[Date Prev][Date Next][Thread Prev][Thread Next][Date Index][Thread Index]
latest on the Richmond cluster
hi steven,
here is the latest.
the good news is the cluster seems to be working at some level. some
of the behavior is significantly different from before the upgrade
so we may still have some issues to resolve.
when i last left you i had submitted a large number of jobs (about
115) to run and left for chicago for thanksgiving. things had looked
good for smaller numbers of jobs. when i returned only the first 55
jobs had been run. the remaining ones were sitting in the batch queue
(used the bbq and atq commands to see this). even more strange was
that the first 55 jobs that got submitted were still running root
after 3 days!! i killed those jobs by hand (kill -9), the perl scripts
finished up, and the jobs in the batch queue remained there and never
got started. my questions are the following.
1. is the apparent limit of 55 jobs fixed? can we raise it? it seems
reasonable to run two jobs per machine (one per cpu). the 'atd -l '
command looks like it should work (according to the man page).

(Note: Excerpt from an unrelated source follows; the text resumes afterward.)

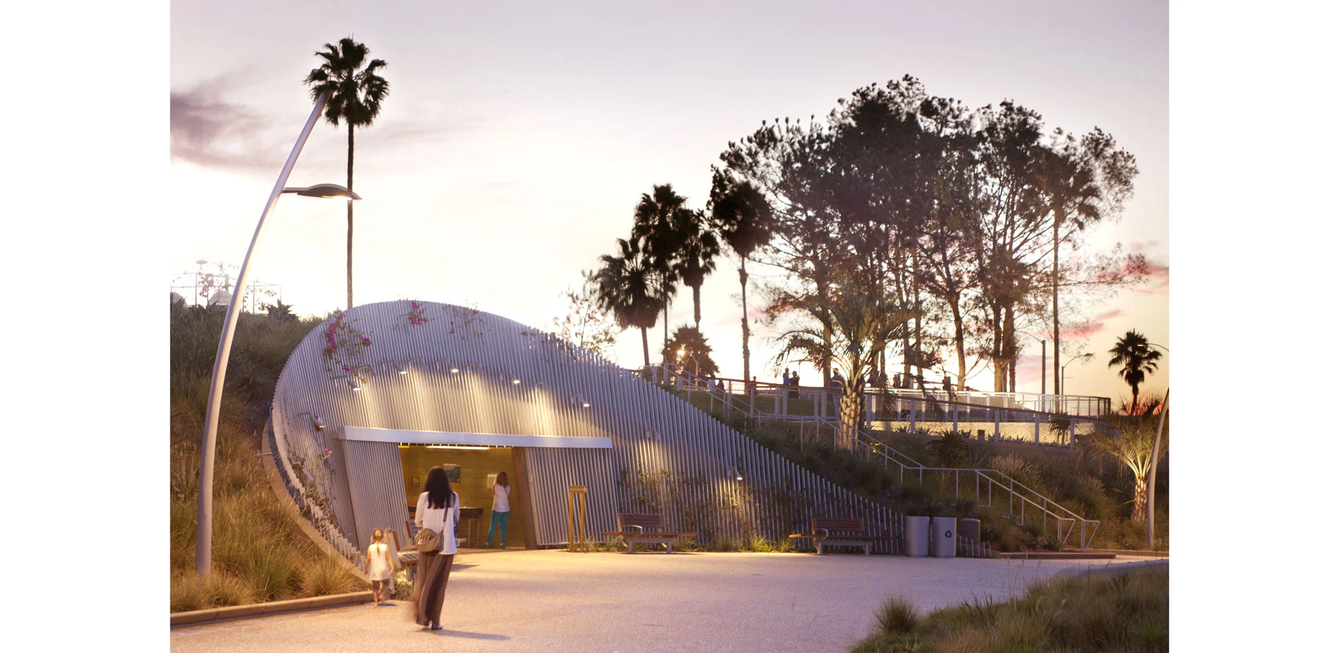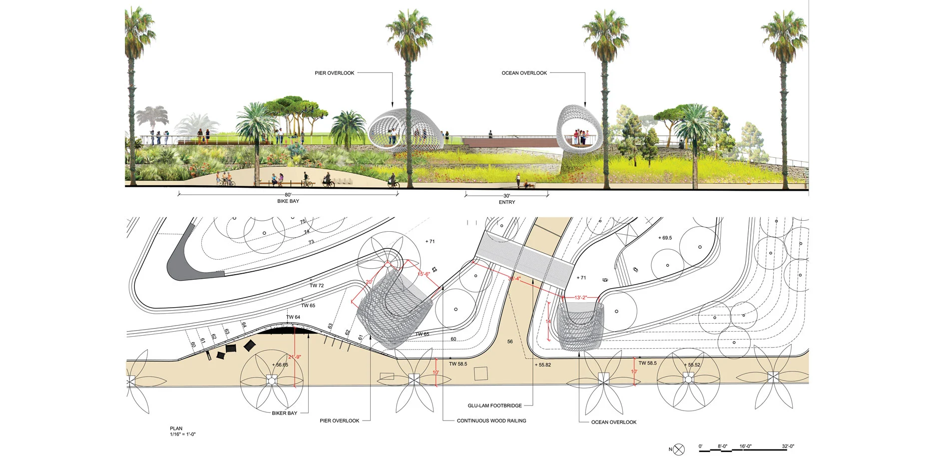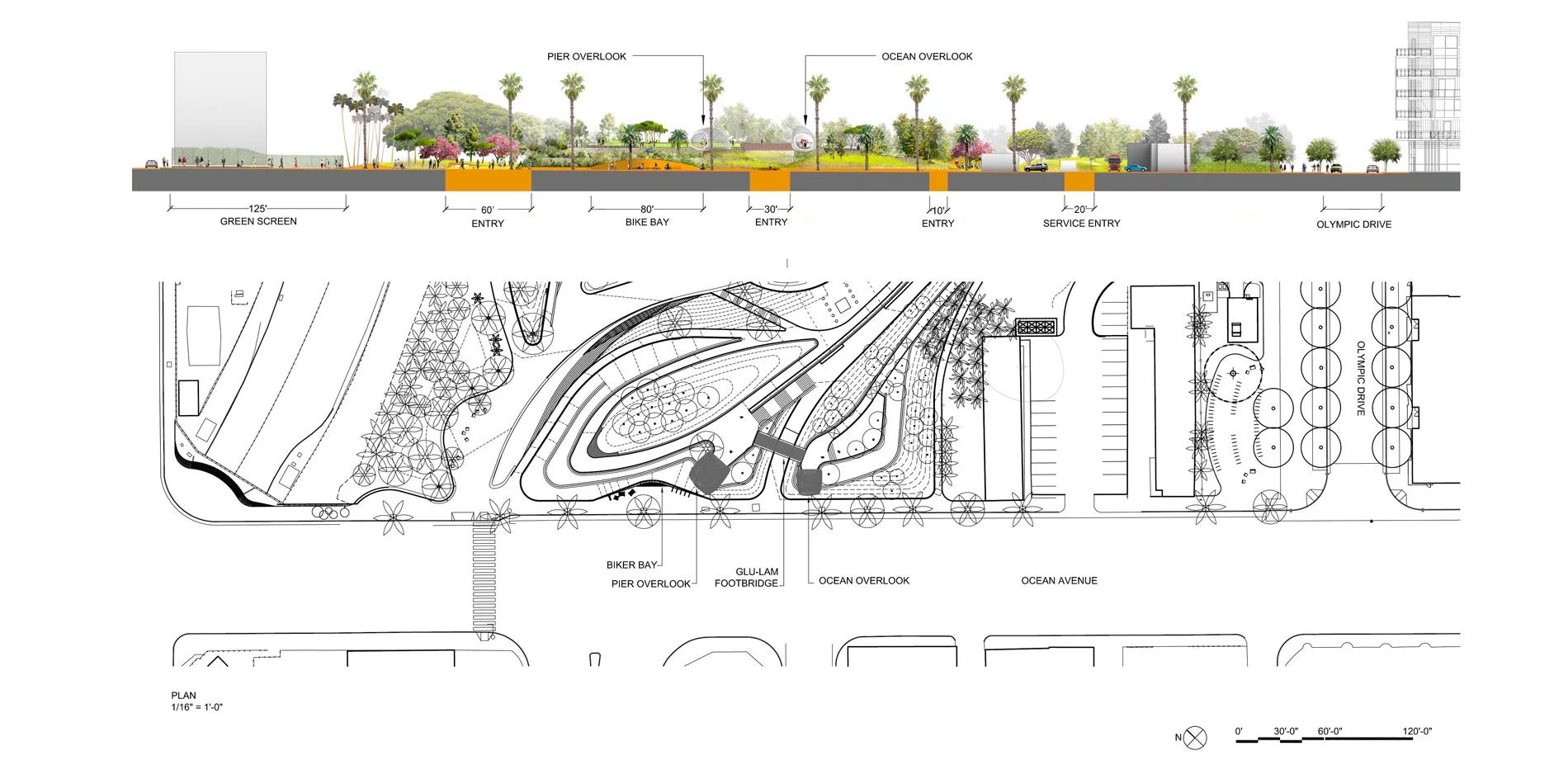 Inspired by the Southern California arroyo landscape of washes and ravines that once defined the site, a series of braided pathways appear to organically emerge from the footsteps of City Hall, extend west to Ocean Avenue, and weave the park into the fabric of the City. Architectural features, water features, a texturally rich material palette, and lushly planted meadows and gardens reinforce the site's "arroyo" history, while at the same time, creating an exciting new identity that is unique to Santa Monica. Dramatic rising and falling topography reinforces the fluid pathway system and organizes the site into four thematic hilltop areas, each calibrated to a different primary use and experience:

2. after i killed the long-running root executables, i thought the
queued up jobs would get submitted, but they didn't. do you have any
idea why?
3. i noticed that root found no good events even when it ran
successfully with a smaller number of submitted jobs. this is
mysterious since this code and these scripts worked before the
upgrade. i will investigate this problem this week. if you have any
ideas, please let me know.
4. the last problem i'm having is that i submitted some jobs tonight
(sunday) and they immediately go into the 'b' queue and don't get
submitted. they are listed under the atq command, but do not appear
when i execute the bbq command. this i don't understand.
let me know what you think.
jerry
--
Dr. Gerard P. Gilfoyle
Physics Department e-mail: ggilfoyl@richmond.edu
University of Richmond, VA 23173 phone: 804-289-8255
USA fax: 804-289-8482